From the Michigan Agency for Energy press release on Tuesday:
High winds and waves in the Straits of Mackinac today has prompted Enbridge Energy to temporarily suspend operation of its Line 5, meeting one of the provisions in a recent agreement between the State of Michigan and Enbridge aimed at safeguarding the Great Lakes.Wave heights reached more than nine feet in the Straits, according to the NOAA Great Lakes Coastal Forecasting System (GLCFS) Nowcast model. The agreement between the State and Enbridge Energy Partners calls for the discontinuation of Line 5 operations in the Straits during sustained adverse weather conditions where wave heights reach more than eight feet.
Enbridge told the State that Line 5 was shut down at 11:37 a.m. Tuesday, adding that the company would restart the pipeline when conditions improve.

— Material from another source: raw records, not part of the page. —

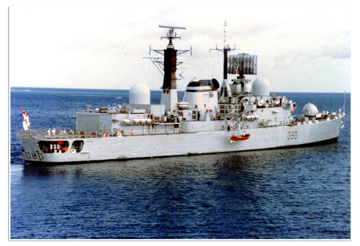 HMS Sheffield wordt twee dagen na het zinken van de Belgrano midscheeps getroffen door een Exocetraket, die vanaf 32 tot 45 km wordt afgevuurd door een Argentijns Super Étendard jachtvliegtuig. Na het zinken van de Sheffield trekken de grootste schepen van de Britse vloot (de vliegkampschepen HMS Invincible en Hermes) zich terug tot buiten het bereik van de Argentijnse vliegtuigen. Alleen de fregatten voor de beschieting van Argentijnse posities en troepentransportschepen zijn zo nog doelwit van de aanvallen door de Argentijnse luchtmacht.
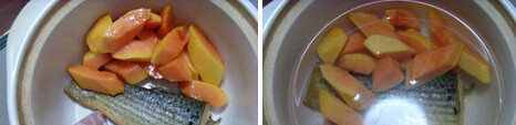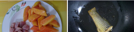木瓜鱼尾汤的材料:木瓜半个,草鱼1条,猪肉50g,食盐5g,姜5g,植物油1茶匙 木瓜鱼尾汤的做法 1.木瓜对剖去皮和籽、切块,猪肉切块,草鱼尾去鳞洗净, 2.锅中放植物油,煎香草鱼尾 家常菜谱 3.木瓜、已煎香的鱼尾、肉和姜片同煮,煮开后,用文火煲1小时,下盐调味,即可用
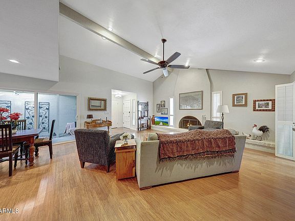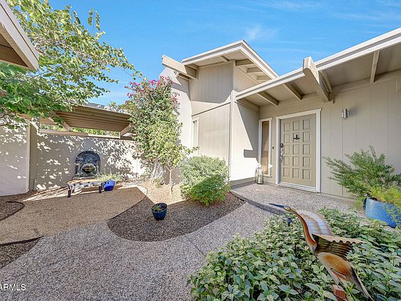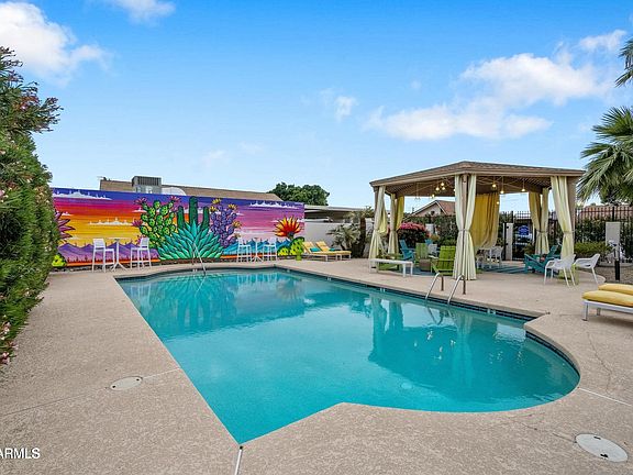 This beautifully maintained, single-level patio home features an open floor plan with 2 spacious bedrooms, 2 bathrooms, and an indoor laundry room in a charming North Central Phoenix community. The great room offers vaulted ceilings and a wood-burning fireplace, and opens directly to the kitchen, which includes stainless steel appliances along with generous counter and storage space. The kitchen and great room are enhanced by two large sliding glass doors that open to an expansive patio, bringing in natural light and creating a seamless indoor-outdoor living experience. The primary bedroom includes a walk-in closet with built-in shelving and its own private exit to the quiet patio. Enjoy multiple outdoor living areas: a welcoming front patio shaded by mature trees and a private, beautifully landscaped rear patio! The home sits on one of the larger lots in the community, providing additional outdoor space and enhanced privacy. Interior highlights include ample storage throughout and a covered 2-car carport with multiple storage closets. The location is tucked away from traffic noise yet minutes from restaurants, grocery stores, and the nearby canal path for walking or biking. Quick access to SR-51 makes commuting to downtown and surrounding amenities effortless. Residents also enjoy a stylish pool area with a cabana and artistic mural, creating a retreat just steps from home.
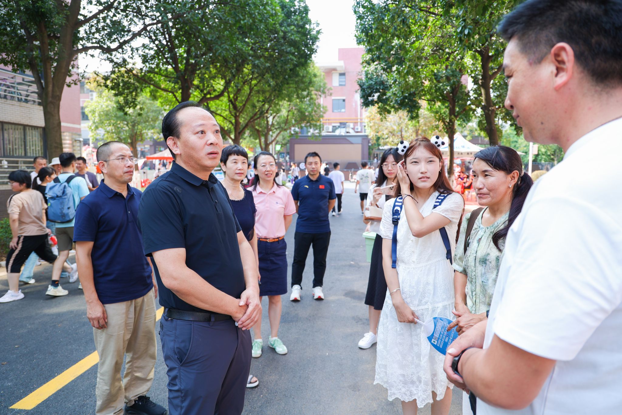 冯军在beat365官网中文版本迎新现场慰问了员工党员、干部及志愿者,询问了新生到校情况,对他们的辛勤工作表示感谢。他强调,迎新工作人员必须保持热情的态度、高度的责任心,为新生和家长做好服务,确保每一名新生都能感受到公司和公司的温暖。

“The purpose of the State’s agreement with Enbridge was to find practical solutions to concerns we had about the operation of Line 5 and the safety of the Great Lakes,” said Valerie Brader, executive director of the Michigan Agency for Energy. “Enbridge’s action today shows the steps outlined in the plan will have immediate and long-term positive outcomes.”
Besides weather-related suspensions of the operation of Line 5, Enbridge must also -- under the Nov. 27 agreement -- conduct a study of the feasibility of placing a new pipeline or the existing dual pipelines in a tunnel in the Straits, assess the installation of underwater technologies to better monitor Line 5, study ways to mitigate the risk of a vessel anchor damaging the Straits pipeline, and evaluate measures to minimize the likelihood of a spill at the approximately 245 bodies of water Line 5 crosses in Michigan.
Demand our representatives not just oppose its continued existence but show a little moxie and take a stand by calling out a few colleagues to show their hand or even get real brave and call out a few in your own party for pity’s sake.
Of all the little and large political machinations the folks in Lansing weave their way through playing their perpetual political games, this one is the real deal. There is no place on earth like the Great Lakes and anyone with any voice who fails to use it to save our shores may endear himself to a group of lobbyists or corporate types or party leaders to be sure but please, don’t insult our intelligence by pretending to be anything other than easily manipulated or cursed with cowardice.
Here’s the skinny on feedback sessions. The first took place in Taylor today (Wednesday).
Public feedback sessions on final Line 5
Alternatives Analysis begin Wednesday
Public feedback sessions regarding the final independent Alternatives Analysis report on the Straits of Mackinac Line 5 pipeline begin this week.
Who: The Michigan Agency for Energy, Michigan Attorney General’s Office, Michigan Department of Environmental Quality, and Michigan Department of Natural Resources.
When and Where:
Why: The events are an opportunity for the public to suggest the next steps the State should take regarding Line 5 based on the information in the final version of the Alternatives Analysis. The report by independent contractor Dynamic Risk Assessment Systems, Inc. analyzed alternatives to using Line 5, owned by Enbridge Energy Partners, L.P., to transport light crude oil and natural gas liquids from Superior, Wisc., through the Straits of Mackinac to Sarnia, Canada. The final report incorporates some changes by Dynamic Risk, as well as some of the public comments that were offered on the draft version of the report.